Agent-bit doesn’t rewrite tools – it wraps them. Each wrapper adds a middleware chain:

flowchart LR
    subgraph READ["read middleware"]
        R1["base read\n+ trust metadata"] --> R2["guard_content\nsecurity scan"] --> R3["workflow\npost_action"]
    end

    subgraph WRITE["write middleware"]
        W0["workflow\npre_action"] --> W1["outbox inject\nsent:false"] --> W2["YAML fix\nauto-quote"] --> W3["base write\nJSON repair"] --> W4["hooks\nAGENTS.MD"] --> W5["workflow\npost_action"]
    end

    click R1 "https://github.com/fortunto2/rust-code/blob/master/crates/sgr-agent-tools/src/read.rs"
    click W3 "https://github.com/fortunto2/rust-code/blob/master/crates/sgr-agent-tools/src/write.rs"

// agent-bit wraps sgr-agent-tools with domain middleware:
pub struct ReadTool {
    inner: sgr_agent_tools::ReadTool<PcmClient>,  // base tool
    workflow: SharedWorkflowState,                  // phase tracking
}
// execute: inner.read() → guard_content() → workflow.post_action()

Why this split matters

Before the split, all tool logic was in agent-bit (1500+ lines).
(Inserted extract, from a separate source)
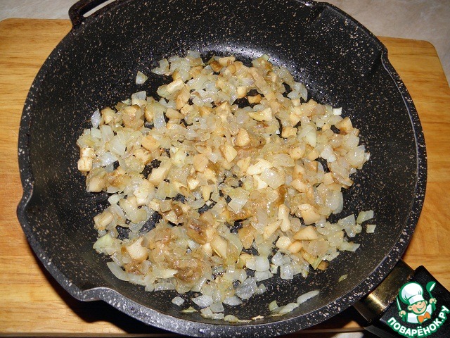 На масле пассеровать лук, добавить грибы (у меня белые, поэтому я их предварительно отварила, шампиньоны можно сразу с луком обжаривать)

Now:

sgr-agent-tools (crates.io) – reusable in any Rust agent. Zero PAC1 knowledge
agent-bit/tools.rs – only domain middleware (security, workflow, hooks)

New agent project? cargo add sgr-agent-tools and you get read, write, search, eval, apply_patch – all with JSON repair, trust metadata, smart search cascade. Add your own middleware on top.

Skills: hot-reloadable domain knowledge

15 markdown files with YAML frontmatter. The classifier picks the right one based on ML intent + keywords:

# skills/inbox-processing/SKILL.md
---
name: inbox-processing
triggers: [intent_inbox]
priority: 15
keywords: [inbox, queue, pending, process, review]
---

WORKFLOW (minimize steps):
  1. Inbox messages already in context. Do NOT re-read.
  2. Read channel files: docs/channels/*.txt
  3. For EACH message: check channel trust, evaluate action
  ...

Selection logic handles a subtle bug I hit: when the ML classifier labeled a cleanup task as “injection” (false positive), the security skill hijacked the workflow and returned DENIED instead of deleting files. Fix: benign labels check intent first, security labels check security first.

// skills.rs — selection with hijack prevention
if is_security_label {
    // Security label → security skill first, intent as fallback
    registry.select(&[security_label, intent], instruction)
} else {
    // Benign label → intent first (prevents hijacking)
    registry.select(&[intent], instruction)
}

Skills are loaded from disk first (hot-reload – change markdown, agent picks it up next run) with compiled-in fallback via include_str! for deployment without disk dependency.

Local ML: ONNX classifiers

Two ONNX models run locally before the LLM sees anything. Zero API cost, <10ms inference:

flowchart LR
    A["MiniLM-L6\n22M params\nintent + label"] --> C
    B["DeBERTa NLI\n22M params\ninjection scores"] --> C
    C["Feature Matrix\n12 features"] --> D["threat\n0.0 — 1.0"]

    click A "https://github.com/fortunto2/agent-bit/blob/main/src/classifier.rs"
    click C "https://github.com/fortunto2/agent-bit/blob/main/src/feature_matrix.rs"

The 12 features: ML confidence, structural injection score, sender trust, domain match, NLI scores, channel trust, and more. Everything feeds into sigmoid(weighted_sum) – one number the pipeline uses to block or pass.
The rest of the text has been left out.